If the layout has no grid (no region.grid set), the exporter writes a flat key-value table instead.

For workflows where the spreadsheet is meant to be reviewed alongside the source image — P&ID symbol lists, annotation review, training-data audits — set embed_crops=True:

excel(
"out.xlsx",
embed_crops=True,
crop_height_px=60,
crop_column="A", # which column hosts the thumbnail
)

The exporter writes one cropped PNG per region (cached under outputs/.crops/ so re-exports are cheap) and uses openpyxl.drawing.image.Image to anchor each one in the row. Row heights are adjusted to fit. Aspect ratio is preserved; crop_height_px is the height budget.

embed_crops adds noticeable file size — a 200-region sheet runs ~5 MB versus ~50 KB without embedded images. Default off.

Writes a searchable PDF — the source page images with a text layer overlaid. The exporter assembles per-page hOCR and feeds it through hocr-pdf (bundled with the pdf extra). The result opens in any PDF reader and is greppable.

from scriva.export import pdf as export_pdf
export_pdf(
"out.pdf",
source: Path | Document | None = None, # the image/PDF; None re-uses doc.source
dpi: int = 300,
text_visibility: Literal["invisible", "subtle", "visible"] = "invisible",
)

text_visibility="invisible" is the standard searchable-PDF behaviour (text is selectable but not rendered). "subtle" makes the text faintly visible — useful for proofing detection alignment. "visible" renders the recognised text over the image as a debugging view.

The equivalent verb on a result:

result.to_pdf("out.pdf", source="scan.pdf")
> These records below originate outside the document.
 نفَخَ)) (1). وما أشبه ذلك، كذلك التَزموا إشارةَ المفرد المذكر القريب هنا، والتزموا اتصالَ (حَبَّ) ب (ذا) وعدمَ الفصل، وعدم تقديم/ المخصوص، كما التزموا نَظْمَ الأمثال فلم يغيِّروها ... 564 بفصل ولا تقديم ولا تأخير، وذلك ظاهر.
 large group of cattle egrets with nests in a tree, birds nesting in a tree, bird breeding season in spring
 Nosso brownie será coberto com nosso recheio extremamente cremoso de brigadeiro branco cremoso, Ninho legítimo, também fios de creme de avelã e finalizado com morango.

Persists one Sample per recognised region to a SampleStore. The exporter is the bridge between a normal OCR run and the training / annotation loop:

from scriva import samples
from scriva.export import samples as export_samples
pipeline = scriva.Pipeline(
morphological_grid(),
openai(model="gpt-4o"),
confidence_score.rendering(),
export_samples(
store=samples.fs(".scriva_samples"),
label_from="recognition", # "recognition" | "none" | Callable
embed=None, # ImageEmbedder | None — required if store has no EMBEDDED_INDEX
select=None, # set[str] | None — which Recognition fields to persist
),
)

label_from:

  • "recognition" (default) — the primary recognizer’s text becomes the sample’s label. Right for “I’ll correct the wrong ones later” workflows.
  • "none" — leave label=None. The sample is unlabelled training data awaiting annotation.
  • A Callable[[Recognition], str | None] — application-specific logic (e.g. only label when confidence > 0.9).

The exporter participates in the event stream — one export/progress per persisted sample — and respects page_concurrency. See domains.annotation for the canonical annotation pipeline that builds on it.
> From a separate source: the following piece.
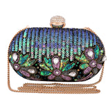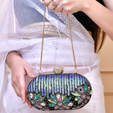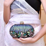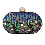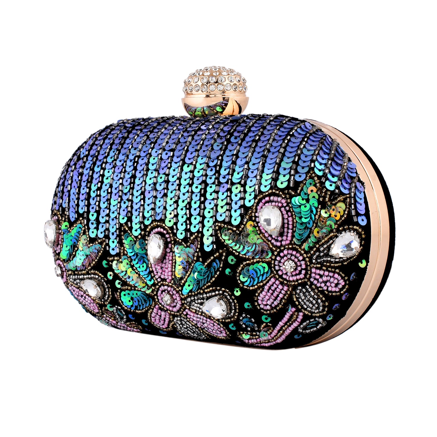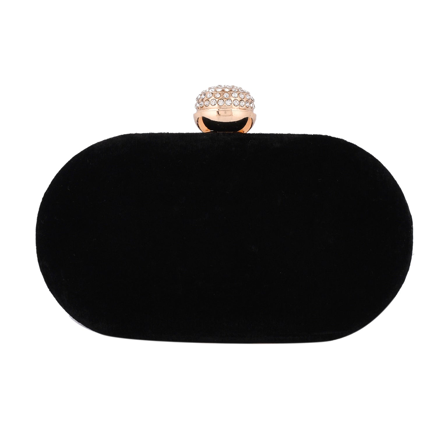 Trendy Bags Multicolored Stones Embellished Black Clutch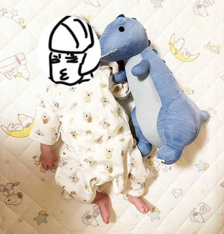 最近はベビタムのお腹を身体に密着させると、すやすや寝てくれる。まあ、話したらすぐに寝るんだが。

The schema is stable and versioned:

{
"scriva_version": "0.1.0",
"schema_version": 1,
"document": { "source": "scan.png", "pages": 1 },
"pages": [
{
"index": 0,
"size": [2480, 3508],
"regions": [
{
"id": "p0-r0",
"bbox": [10, 20, 200, 50],
"role": "data",
"grid": { "row": 0, "col": 0, "rowspan": 1, "colspan": 1 },
"recognition": {
"text": "Hello",
"confidence": 0.92,
"language": "en",
"source": "openai:gpt-4o",
"cache": null
}
}
]
}
]
}

Round-trips losslessly through DocumentResult.from_json().

Most exporters take a select argument that controls which Recognition fields make it into the output. Useful for sharing results without confidence debug data:

result.to_json(select={"text", "confidence"})
export.json_("out.json", select={"text", "confidence"})

Subclass:

from scriva import Exporter, DocumentResult, ExportArtifact
class MyExporter(Exporter):
async def export(self, result: DocumentResult) -> ExportArtifact:
return ExportArtifact.bytes(render(result), suffix=".bin")

…or decorate a function:

from scriva import exporter, ExportArtifact
@exporter
async def my_exporter(result):
return ExportArtifact.bytes(render(result), suffix=".bin")

The artifact can be a path (.path(...)), in-memory bytes (.bytes(...)), or a stream (.stream(...)). The pipeline does not care which.